The significantly lower expression of CD1C and CXCR5 may affect T cell recruitment, and we found that the tumor antigen presentation process of patient TCGA-73-A9RS-01 might be deficient (Supplementary Data 8S1), resulting in the inability to detect tumor antigens. Consequently, dendritic cells (DCs) and T cells cannot use antigens as their immune response, thereby failing to recognize cancer cells, and then Treg cells emerge, promoting tumor development26. Through regulatory analysis, we found that the antigen presentation function of patient TCGA-73-A9RS-01 might be influenced by ETS1 (interaction score: 0.211), JUN (interaction score: 0.204) and other TFs on CXCR5 (Fig. 5b, Supplementary Data 8S2).

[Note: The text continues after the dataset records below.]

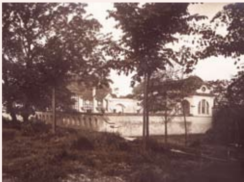
Skleník zbořený počátkem 50. let, 1915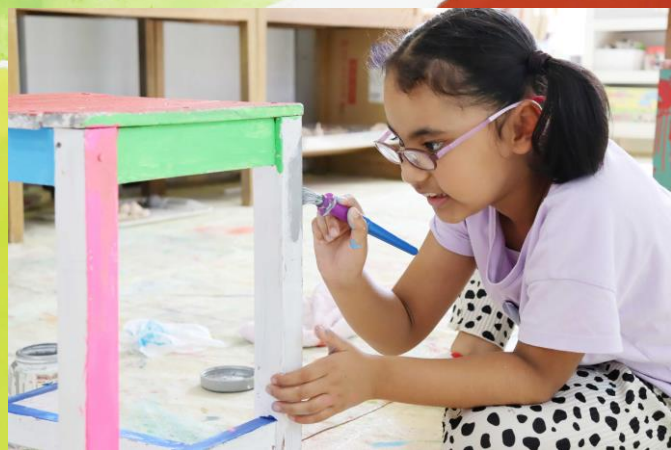
●8月21日 宮城県仙台市 〈Wonder Art Studio〉 「ボーダレスアートこども日曜AMクラス②」 ペンキ塗りにツールのペイント、粘土に水彩 画、いろいろ挑戦しました！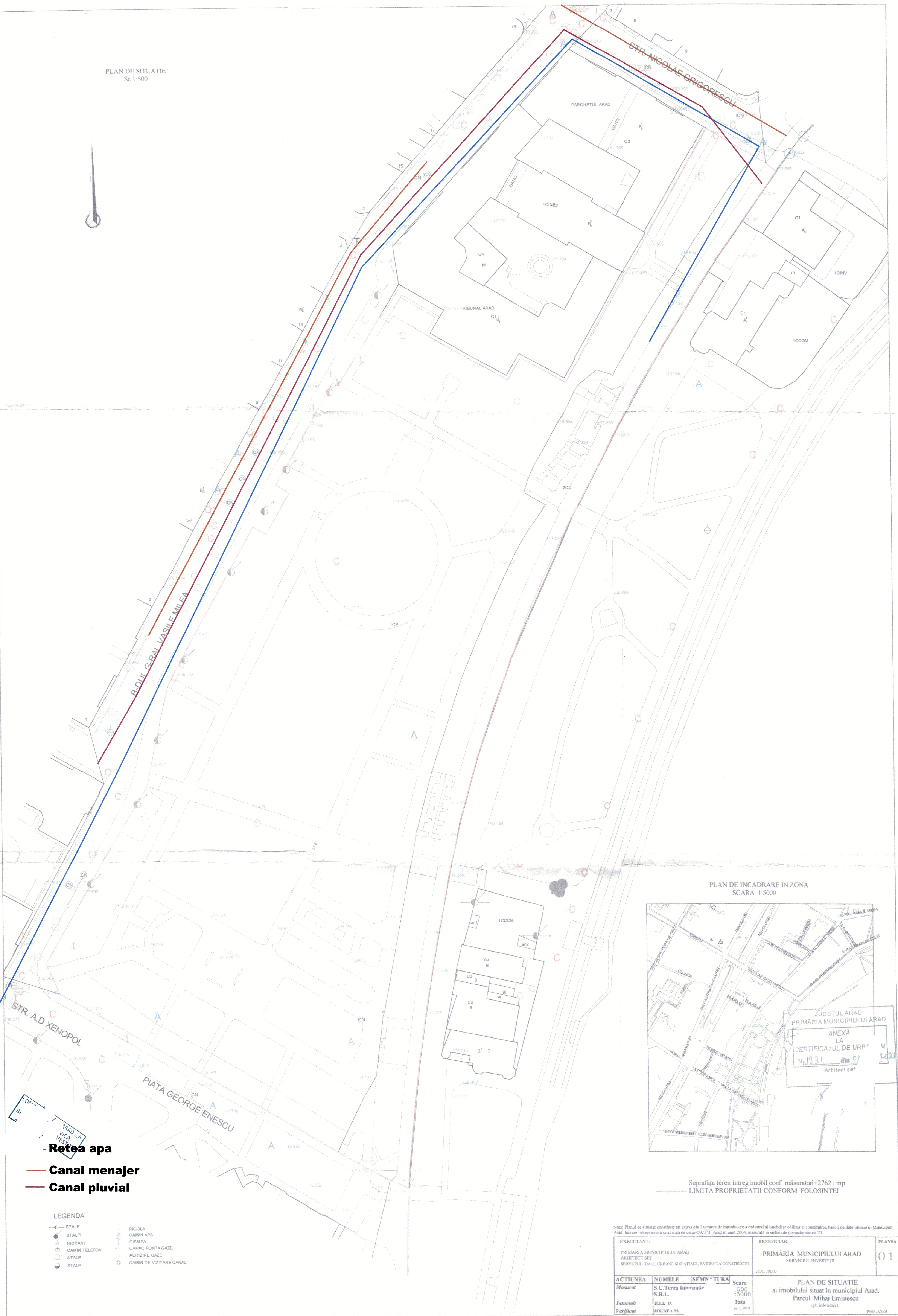
PLAN DE INCADRARE IN ZONA SCARA 1:5000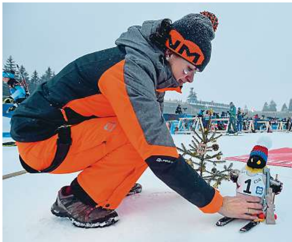
Těsně před závody se na střelnici „usadil“ i její maskot.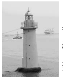
境港防波堤灯台と初就航時の定期貨客船

「文化財を活用しながら保存する」という発想から生まれた国の文化財登録制度により、鳥取県は平成九年度から郷土の歴史を語る身近な建造物を調査してきました。この調査により、鳥取県の近代化を支えた文化遺産として、境港市の一つに境港防波堤灯台を紹介しています。釣人から「白灯台」と呼ばれ親しまれている「境港防波堤灯台」は、大正十一年から始まった境港湾修築事業で防波堤灯台とともに設置され、昭和六年四月一日初点灯されています。古くから「伝馬いらずの良港」として知られる山陰随一の境港は、鳥取藩の御廻米所など役所の設置を得て、港湾や海運の振興発展の基礎が出来ました。明治以降、境港は貨客船の就航が盛んになり京阪神や大陸間貿易として躍進してきました。◆明治一六年全国主要港湾指定 ◆二三年県費支弁港指定 ◆二九年開港外貿易港指定 ◆四十年全国重要港湾指定 ◆大正元年全国第二種港指定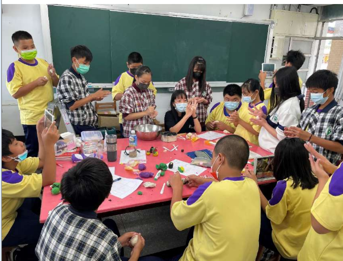
實際操作包餡手法與塑形技法，利用黏土練習基礎練切技巧。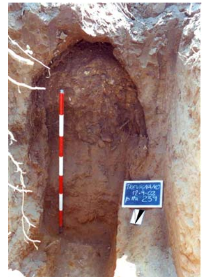
Fig. 6. Saggio C. Tratto del cunicolo scavato nel banco di Tufo di Aguscello.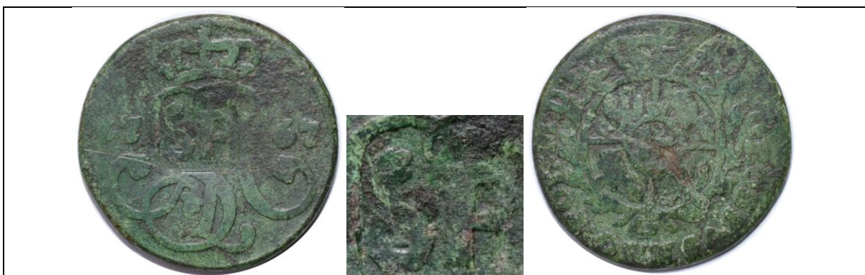
Żeton dominialny: grosz Stanisław August, Kraków 1767; kontrmarka – „SP” Miedź; średnica 20,5-21 mm; waga 3,22 g; kontrmarka: ok. 6,5 x 6,5 mm

When different lymphocytes infiltrated into the TME, they will be involved in the tumor immune response of the primary tumor and metastasis sites27, and some of these responses can lead to the occurrence of tumor immune escape. It has been proved that the significantly high expression of EZH2 can promote the proliferation of colon cancer cells28. We found that EZH2 was highly expressed in 7 samples (Supplementary Data 8S1). Through regulatory analysis, we found that YY1 (interaction score = 0.999), JUN (interaction score = 0.783), RXRA (interaction score = 0.781), TBP (interaction score = 0.379), CEBPB (interaction score = 0.337), TFAP2A (interaction score = 0.195), and other TFs had positive regulatory effects on EZH2 (Supplementary Fig. 4a, Supplementary Data 8S2), probably promoting immune escape. The high expression of YY1 can promote the transcription of multiple immunosuppressive genes29, thereby promoting the growth of TCGA-LUAD. And, the TFAP2A can greatly activate the signal that promotes epithelial-mesenchymal transition (EMT) in LUAD, so that epithelial tumor cells undergo morphological remodeling, cell adhesion reduction, and enhanced migration and invasion capabilities30. It means that the TFAP2A may result in metastasis which is the main cause of cancer-related death31. In this study, we also found that the TFAP2A showed high correlation with the poor prognosis of LUAD (Fig. 8c).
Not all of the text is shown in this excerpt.